Work to complete —
Line by line, repeat the material below exactly and skip the images.

Input material —
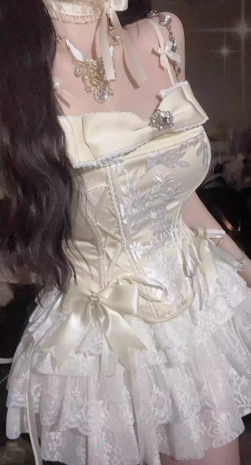 Gentle temperament white suspender dress 2025 new beautiful loose bud short skirt R0777
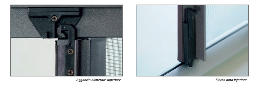 Zanzariera con doppio cassonetto a scorrimento laterale con avvolgimento a molla adatta per porta/finestra di grandi dimensioni è disponibile con cassonetto da 50mm chiusura magnetica o con gancio, compensazione di errore sia in larghezza che in altezza.
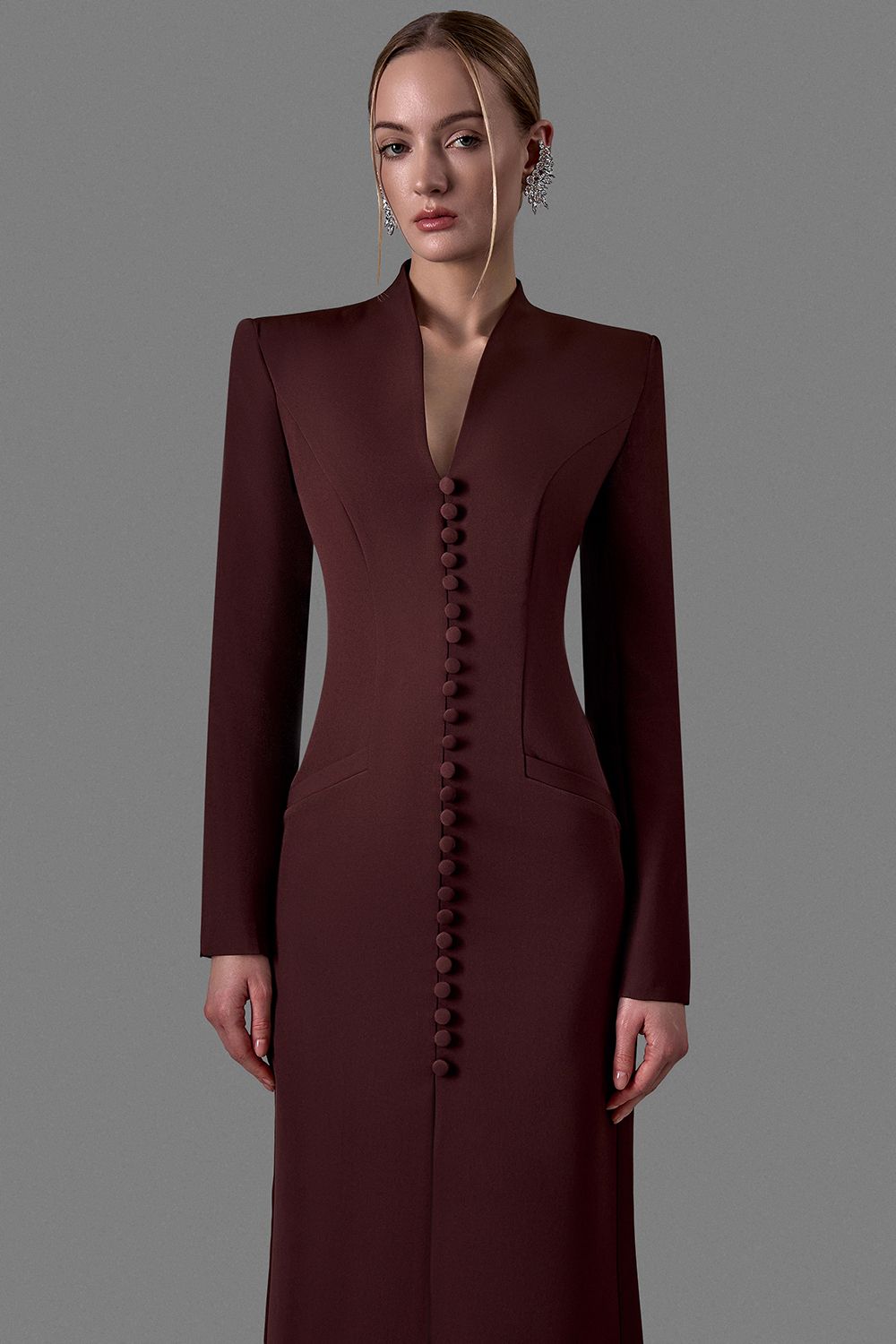 Элегантное платье длины миди. Строгий приталенный крой и вертикальный ряд обтянутых пуговиц визуально вытягивают фигуру, подчеркивая её изящество. Высокий фигурный воротник добавляет образу архитектурной чёткости, а длинные рукава усиливают эффект лаконичности. Длина платья по спинке с учетом стойки: 149 см. Состав: 97% полиэстер, 3% спандекс, подкладка 95% полиэстер, 5% эластан
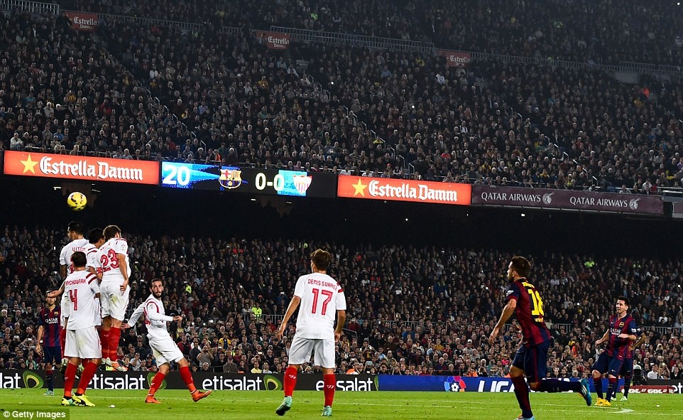 | Sau một vài cơ hội bỏ lỡ, Barca vượt lên dẫn trước ở phút 21 nhờ cú sút phạt đẳng cấp của Lionel Messi. |
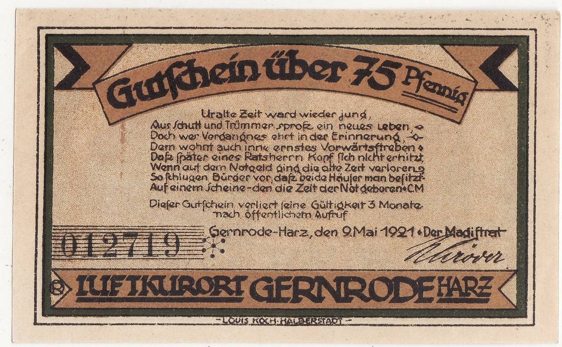 Germany 75pf.1921m.notg.143-1

Exercise answer —
 Gentle temperament white suspender dress 2025 new beautiful loose bud short skirt R0777
 Zanzariera con doppio cassonetto a scorrimento laterale con avvolgimento a molla adatta per porta/finestra di grandi dimensioni è disponibile con cassonetto da 50mm chiusura magnetica o con gancio, compensazione di errore sia in larghezza che in altezza.
 Элегантное платье длины миди. Строгий приталенный крой и вертикальный ряд обтянутых пуговиц визуально вытягивают фигуру, подчеркивая её изящество. Высокий фигурный воротник добавляет образу архитектурной чёткости, а длинные рукава усиливают эффект лаконичности. Длина платья по спинке с учетом стойки: 149 см. Состав: 97% полиэстер, 3% спандекс, подкладка 95% полиэстер, 5% эластан
 | Sau một vài cơ hội bỏ lỡ, Barca vượt lên dẫn trước ở phút 21 nhờ cú sút phạt đẳng cấp của Lionel Messi. |
 Germany 75pf.1921m.notg.143-1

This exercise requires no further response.